## Assigned task
Output the full listing exactly as written, with no pictures in it.

## Data segment

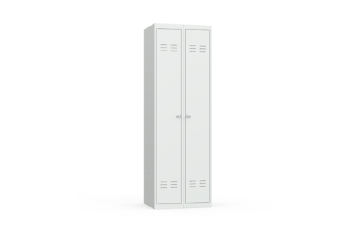 Шкаф имеет две секции, каждая из которых оснащается полкой для головных уборов, металлической перекладиной для вешалок и двумя крючками для одежды, проушиной для навесных замков. Размер секций обеспечивает комфортное размещение верхней одежды, в том числе зимней. Конструкция предусматривает возможность установки дополнительной полки для обуви.
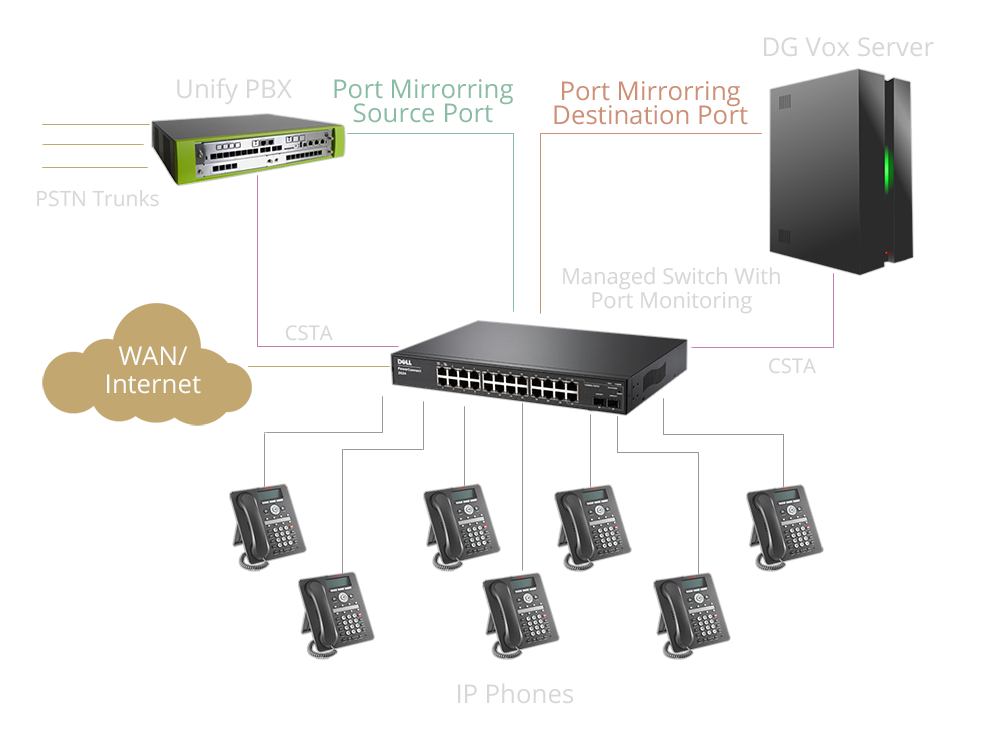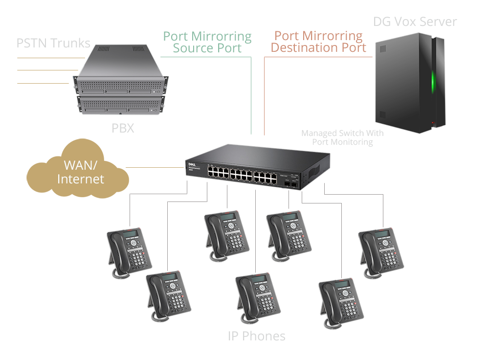 DGVox ‘s VoIP recording has two modes of operation, which are passive and active modes. In the passive mode of recording DGVox will listen to a SPAN port to which all the phones to be recorded will be mirrored and the resultant voice and data will be available to the DGVox’s LAN port assigned for recording the data.
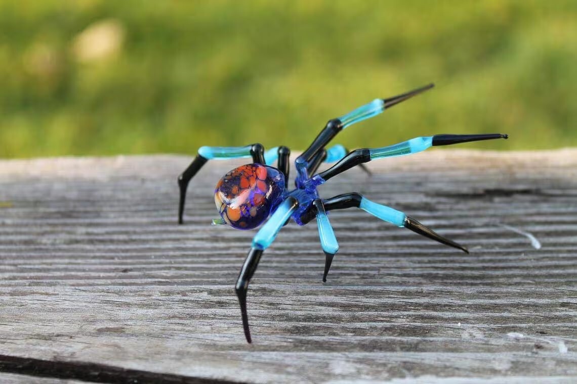 GLASS SPIDER lampwork Handcrafted Glass animal, Art Glass Spider Figurine Glass Figurine Animal Figure Glass Sculpture ----------------------------------------------------------------------------------------------- Approximately size is: 2.5 INCHES LENGTH (6,5cm) 2.7 INCHES HEIGHT (7cm) 2.7 INCHES WIDTH (7cm) Have you ever seen so many spiders of different colours and shapes at one place? Whatever your answear is, just take a look at these gorgeous and sometimes creepy little ones. We bet you won't resist a temptation to buy them all! So welcome to a glass spider world performed by means of lampworking technology. Delicately made and well-balanced blown glass figures represent by themselves amazing craftsmanship. So if you need a special gift, just mind that they are great to serve not only as halloween spiders but as a great and at the same time flamboyant zest to any interior for a modern apartment. If you know somebody who is really keen in collecting spider figures, it could be the best gift ever! We create a miniature spider of malleable hand blown glass. Different colours and high quality of materials enable us to create unique glass art pieces. And what is more important, we create sketches by ourselves in order to make realistically made glass insects. «Glass Symphony» is a small family private studio. We’ve been engaged with glass figures for three generations. My grandpa taught this craft my father who in turn taught me. Glass work is our life. And we feel really cool to be able to create different glass sculptures. Our artworks give other people real delight, improve theire mood, and could be found almost in every corner of the world!
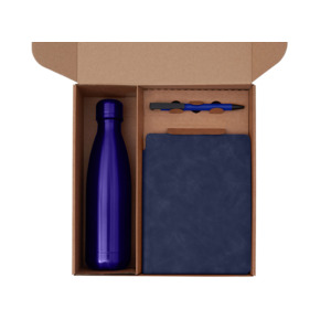 Подарочный набор с термобутылкой, блокнотом, ручкой и чаем, синий

## Reply
 Шкаф имеет две секции, каждая из которых оснащается полкой для головных уборов, металлической перекладиной для вешалок и двумя крючками для одежды, проушиной для навесных замков. Размер секций обеспечивает комфортное размещение верхней одежды, в том числе зимней. Конструкция предусматривает возможность установки дополнительной полки для обуви.
 DGVox ‘s VoIP recording has two modes of operation, which are passive and active modes. In the passive mode of recording DGVox will listen to a SPAN port to which all the phones to be recorded will be mirrored and the resultant voice and data will be available to the DGVox’s LAN port assigned for recording the data.
 GLASS SPIDER lampwork Handcrafted Glass animal, Art Glass Spider Figurine Glass Figurine Animal Figure Glass Sculpture ----------------------------------------------------------------------------------------------- Approximately size is: 2.5 INCHES LENGTH (6,5cm) 2.7 INCHES HEIGHT (7cm) 2.7 INCHES WIDTH (7cm) Have you ever seen so many spiders of different colours and shapes at one place? Whatever your answear is, just take a look at these gorgeous and sometimes creepy little ones. We bet you won't resist a temptation to buy them all! So welcome to a glass spider world performed by means of lampworking technology. Delicately made and well-balanced blown glass figures represent by themselves amazing craftsmanship. So if you need a special gift, just mind that they are great to serve not only as halloween spiders but as a great and at the same time flamboyant zest to any interior for a modern apartment. If you know somebody who is really keen in collecting spider figures, it could be the best gift ever! We create a miniature spider of malleable hand blown glass. Different colours and high quality of materials enable us to create unique glass art pieces. And what is more important, we create sketches by ourselves in order to make realistically made glass insects. «Glass Symphony» is a small family private studio. We’ve been engaged with glass figures for three generations. My grandpa taught this craft my father who in turn taught me. Glass work is our life. And we feel really cool to be able to create different glass sculptures. Our artworks give other people real delight, improve theire mood, and could be found almost in every corner of the world!
 Подарочный набор с термобутылкой, блокнотом, ручкой и чаем, синий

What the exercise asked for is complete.